This approach has the advantage of allowing much existing software to
be run without modification with only an adapter, but only a limited
component-container interface is possible.
- More generally, the container is a library which is linked with the
object code of one or more components to produce an executable process.
Linking can be either at compile time (the usual case for most science
code) or at run time via a dynamically loadable library (useful for
smaller plug-in extensions). The container manages the interface of
the component to the execution environment.
- Encapsulation of the component interface in the container allows
multiple framework protocols to be supported.
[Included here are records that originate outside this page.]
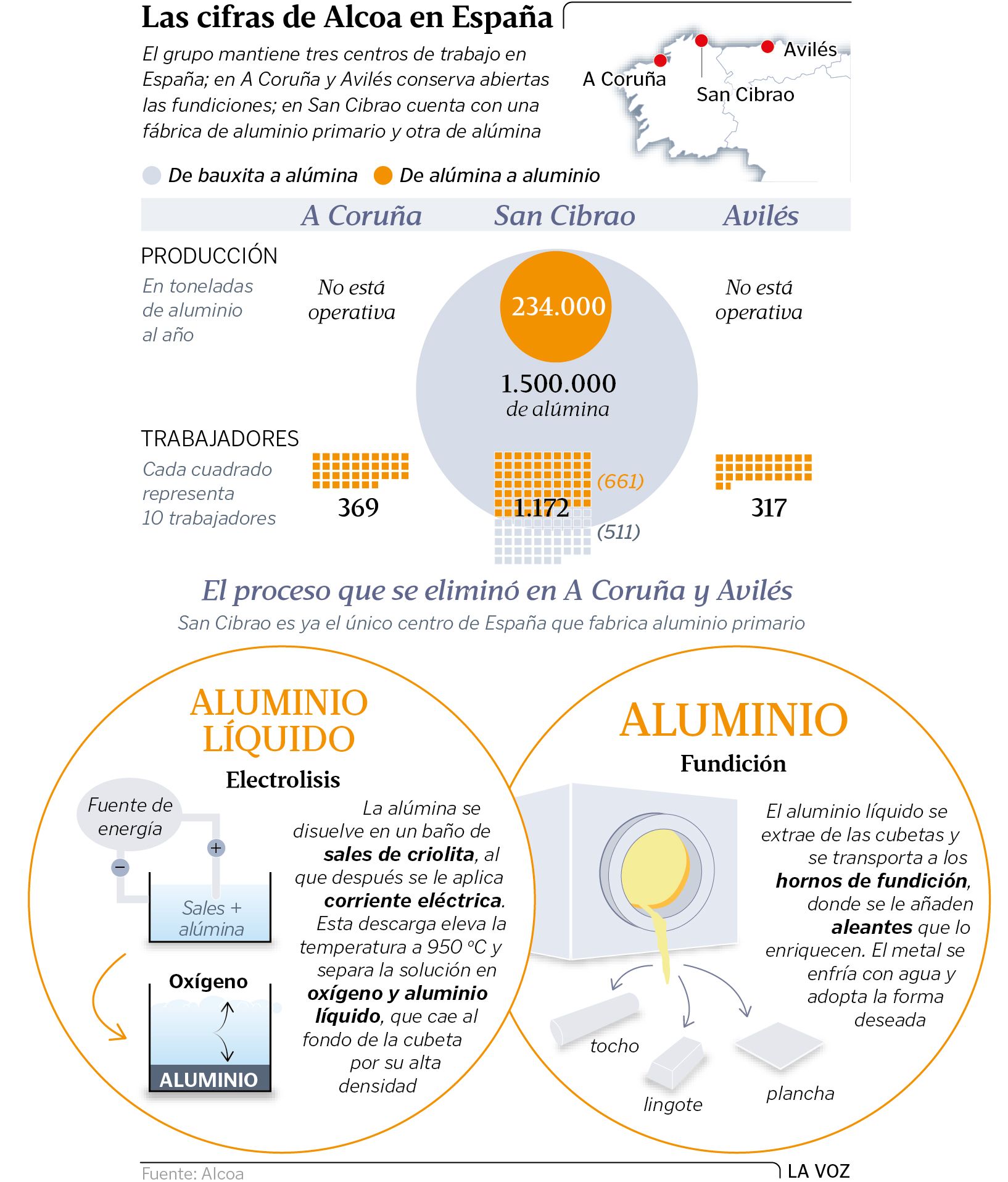 Los trabajadores llevaban meses con la mosca detrás de la oreja y la compañía también insinuaba que el panorama ya no estaba tan despejado para la que es aún su joya de la corona. El mal momento por el que atraviesa el mercado internacional del aluminio -una materia prima que cotiza en la bolsa de metales de Londres (LME)-, entre otros factores, debido al elevado precio de la alúmina con la que se elabora, junto a los importantes costes energéticos en España, provocó que San Cibrao perdiese dinero el año pasado por primera vez: 53,8 millones. Los números rojos en A Coruña sumaron 42 millones; y en Avilés, 40. Las fábricas de aluminio de estas dos últimas ciudades arrastraban varios ejercicios en negativo, según la empresa, por eso decidió tomar medidas drásticas: en febrero cerró las cubas de electrolisis en las que se elabora el aluminio para parar la sangría económica y solo están operativas las fundiciones de ambas plantas.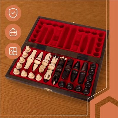 Шахматы из натуральной древесины граба – это не просто игра – это стильный элемент интерьера и идея для уникального подарка. Закрытая шахматная доска в виде чемодана со вкладышами обеспечивает удобное хранение и сохранность фигур. Полуматовый лак, классические цвета и изысканные детали с первого хода придают игре престижный характер.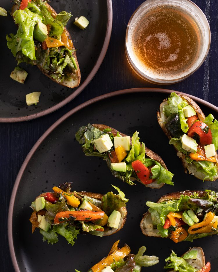 4. In a medium mixing bowl combine peppers, parsley, chives, mustard, apple vinegar, olive oil and avocado. Gently mix until fully combined.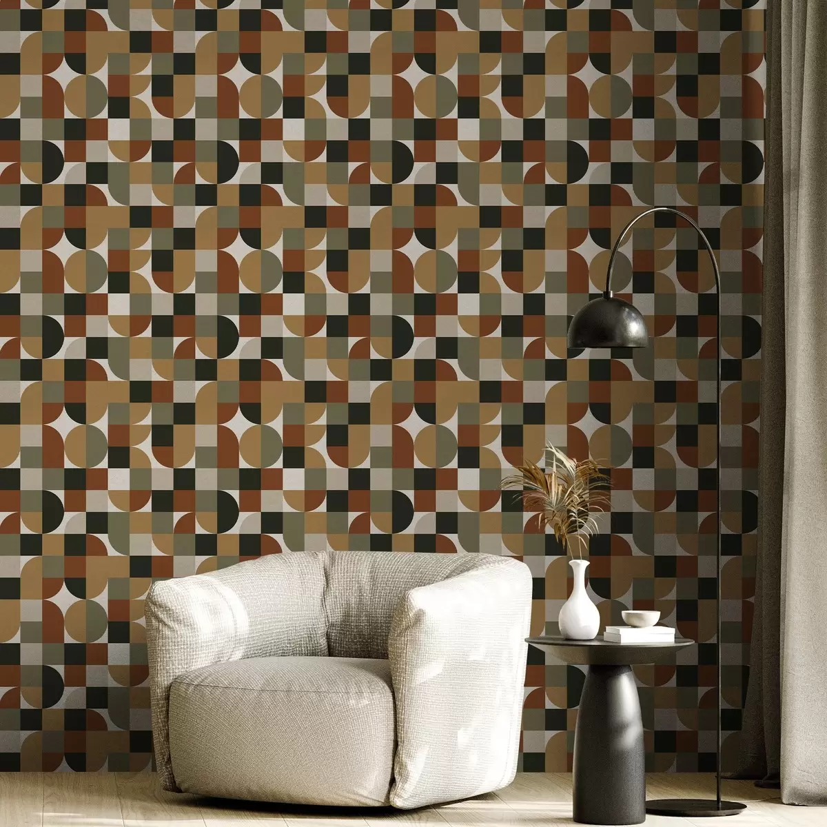 Papel pintado Geometría modular en cálidos tonos tierra Nr. a00770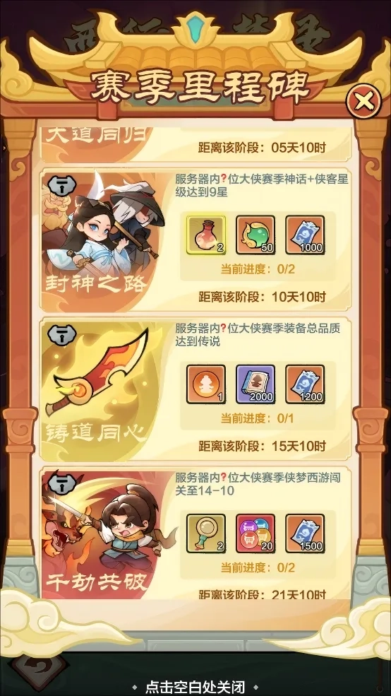 大侠们一定要注意自己的挑战时间并及时领取奖励哦~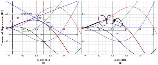 Different colors have been used to draw the midline of the fish body at different instants of time. The used tail beat frequency is 1 Hz. It has been considered half a period (e.g. 0.5 s). Black curve corresponds to 0.1 s, purple curve to 0.2 s, green curve to 0.3 s, red curve to 0.4 s, and orange curve (nearly symmetric to black curve with respect to the x-axis) corresponds to 0.5 s. (a) The maximum angle of deflection of the mid line during the waving motion is investigated, and corresponds to 52°, (b) The mid line at its maximum angle of deflection can be well approximated using two joints.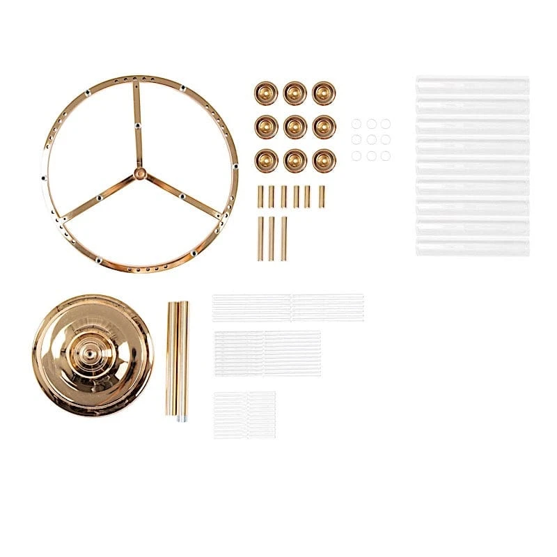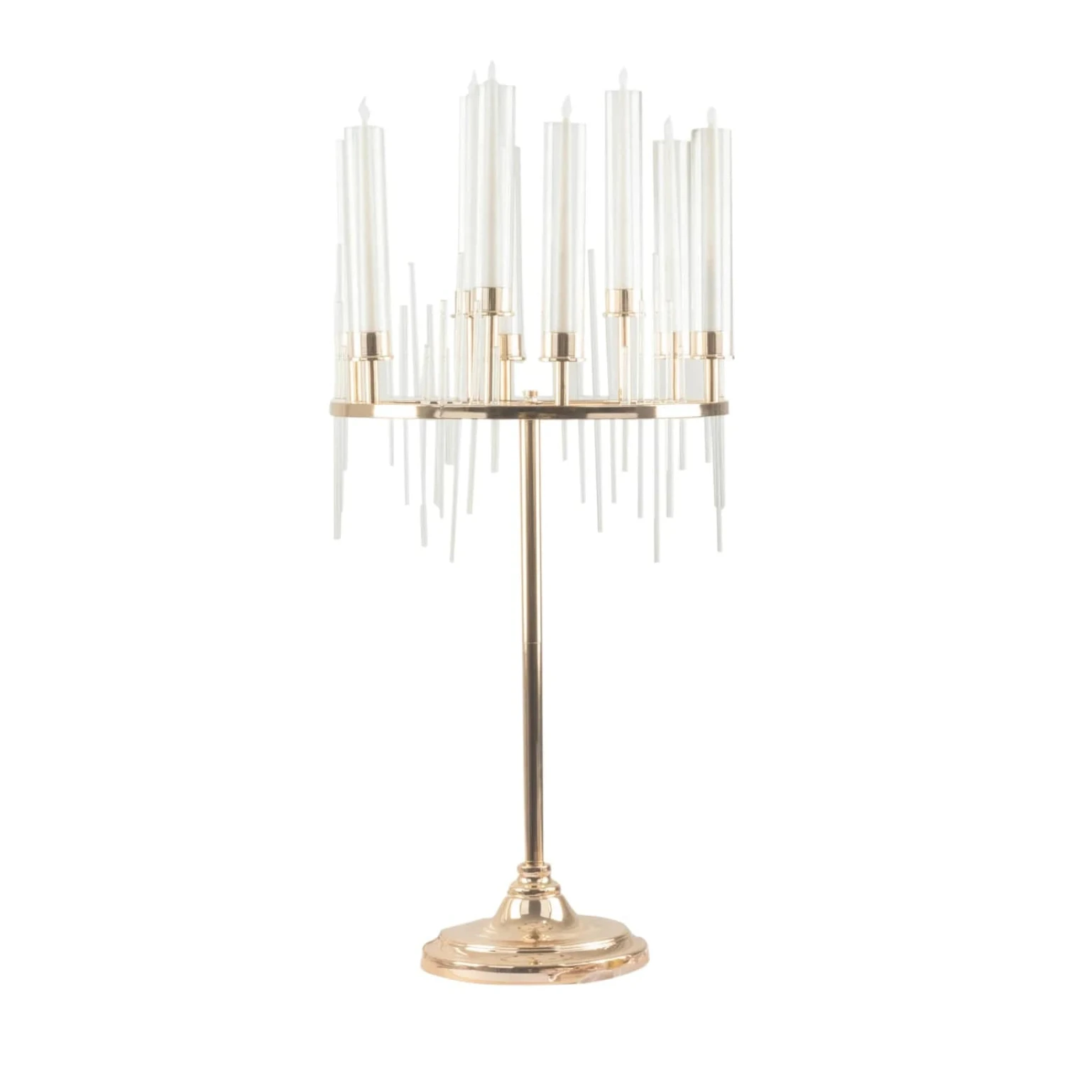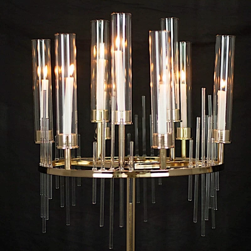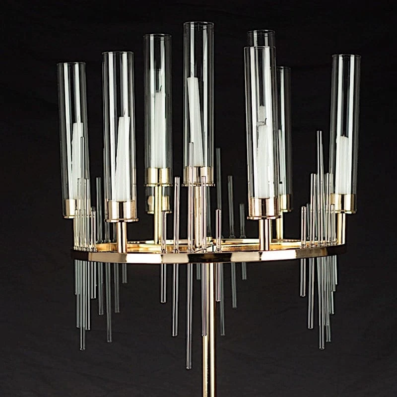 Add a touch of timeless elegance to your tabletop with candelabra candle holders from Leilani Wholesale. This 40″ tall metal candle holder is designed with a round top frame with drip-like glass bar accents and 9 round glass shades to secure your taper candles. A perfect centerpiece to grace your reception tables! Use it as a decoration for your weddings, parties, events, special occasions and for your home. Get your dream decorations and see where your imagination takes you!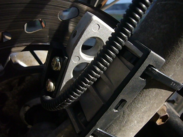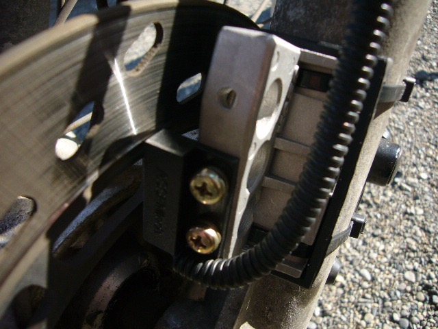 ACEWELL社とKOSO社は別メーカーなのですが、マグネットセンサー自体はどこか同一規格の物を使っているらしく、KOSOメーターに付属していたフロントフォーク装着用のステーにある取り付けネジ穴と、ACEWELLメーター用のマグネットセンサーの取り付け穴がぴったりと一致したのは驚きました。お陰でわざわざネジ穴を新たに開けずに済みました。
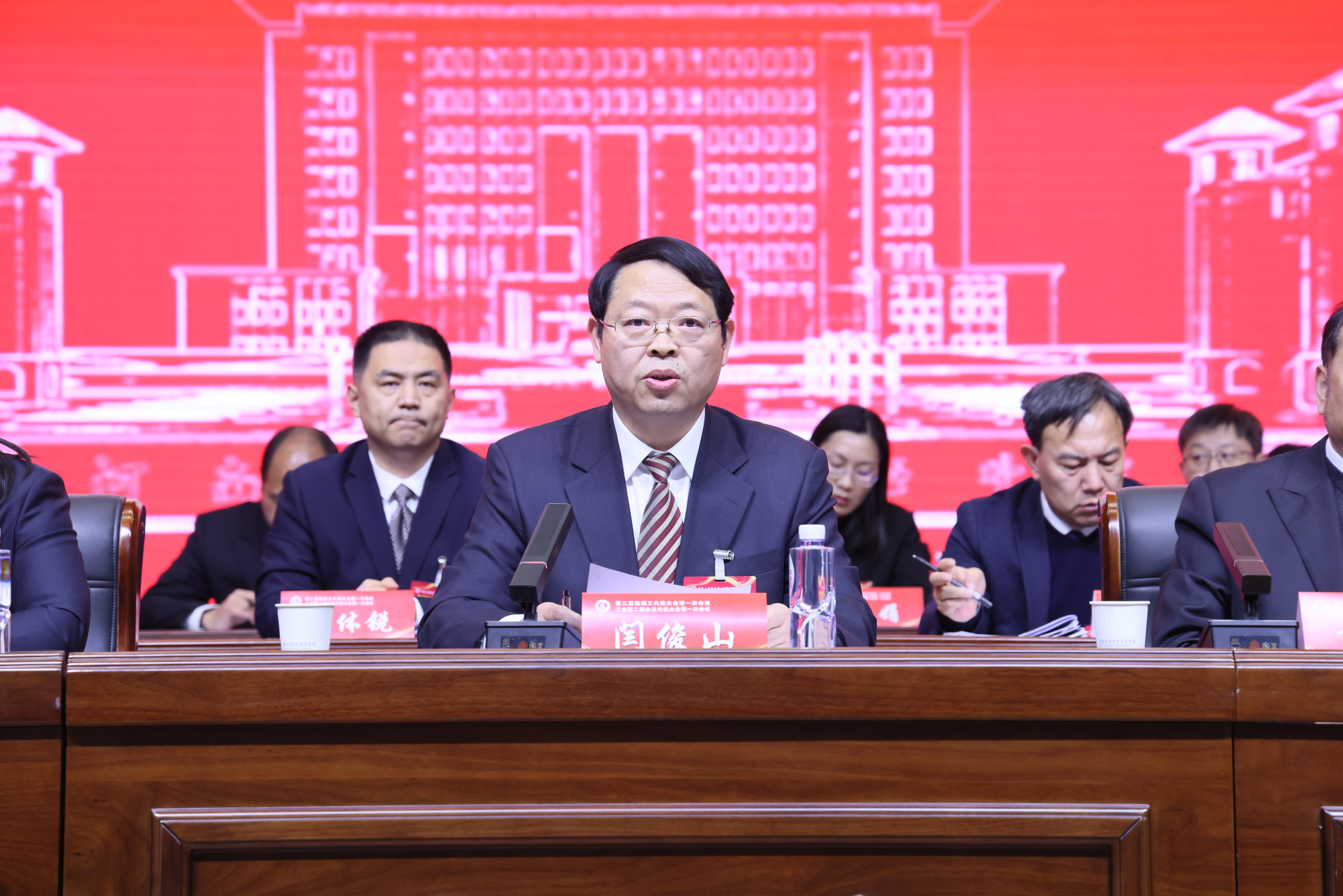闫俊山在总结讲话中表示,本次大会是一次坚定信心、团结务实、砥砺奋进的大会,对于学校进一步统一思想、凝聚力量,加快建设特色鲜明的高水平职业院校具有十分重要的意义。他指出,当前,职业教育正处于前所未有的发展机遇期,同时也面临着诸多的严峻挑战。我们必须紧紧抓住国家大力发展职业教育的黄金契机,以时不我待、只争朝夕的紧迫感和使命感,乘风破浪,奋勇前行。2025年,是“十四五”收官之年和“十五五”规划之年,也是我校创建“新双高”、实现跨越式发展的关键之年。做好今年的工作,对于学校未来五年,乃至更长时间的高质量发展至关重要。他强调,我们要肩负重任,勠力同心,团结拼搏,奋发有为。他强调几点意见:一是突出党建引领,凝聚跨越发展合力;二是注重培根铸魂,落实立德树人根本任务;三是聚焦“新双高”建设,提升学校核心竞争力;四是狠抓内涵建设,提高人才培养质量;五是坚持引育结合,打造高水平教师队伍;六是深化产教融合,构建校企命运共同体;七是厚植校园文化,涵养良好育人氛围;八是恪守师生至上,优化服务保障效能;九是筑牢安全底线,确保校园和谐稳定。他号召全校教职员工要更加紧密地团结起来,以习近平新时代中国特色社会主义思想为指导,锚定“新双高”建设目标,坚定信心、踔厉奋发、勇毅前行,以一往无前的勇气、革故鼎新的锐气、不懈奋斗的朝气,奋力谱写学校跨越式发展崭新篇章。

At the simplest
level a single component can be invoked by running the container at the
host level, with arguments on the command line. For fully distributed
execution the container can be run from the execution framework via
a protocol such as CORBA or SOAP which supports concurrent execution
of components. In this case the full range of container services are
available to the component for runtime messaging, communication with
other components, passing parameters in both directions, and so forth.
The container provides standard
container services which are available
to any component. These include two-way parameter handling, a distributed
environment mechanism, remote method invocation, and asynchronous messaging.
At the most basic level,
messaging allows messages (arbitrary blocks
of information, often tagged by a message class and related metadata) to be
efficiently exchanged between components during execution. Messaging may be
either point-to-point between two components, or broadcast, in which case
a component produces messages which are boadcast to zero or more message
consumers. Clients can dynamically register with a messaging service to
indicate the classes of messages they wish to receive. Messaging includes
support for
message streams, including high performance point-to-point
data pipes, a
logging service, used by components to broadcast time-tagged
log messages, and
property change events, used to broadcast changes
to the state of a component to subscribing clients, e.g., a GUI display.
In the most general case a component is a distributed object (DO)
implemented as a class with methods. Some of these methods are standard
methods defined by the container and used to implement the standard container
interface and life cycle. Other methods are custom
service methods
defined by the component to expose whatever custom functionality the
component provides.
Tasks and Parameters
An important type of component is a
task component, which implements
a single service method. Task components use a
parameter mechanism
to control the task. Unlike DOs, which can be long running and stateful,
tasks are general stateless, with all state maintained in the client, in
the framework, or in persistent external storage of some sort. Tasks have
the advantage of having a relatively simple interface and simple runtime
semantics, increasing deployment flexibility and aiding scalability.
DOs provide finer grain functionality at the cost of a more complex
interface and more complex runtime semantics.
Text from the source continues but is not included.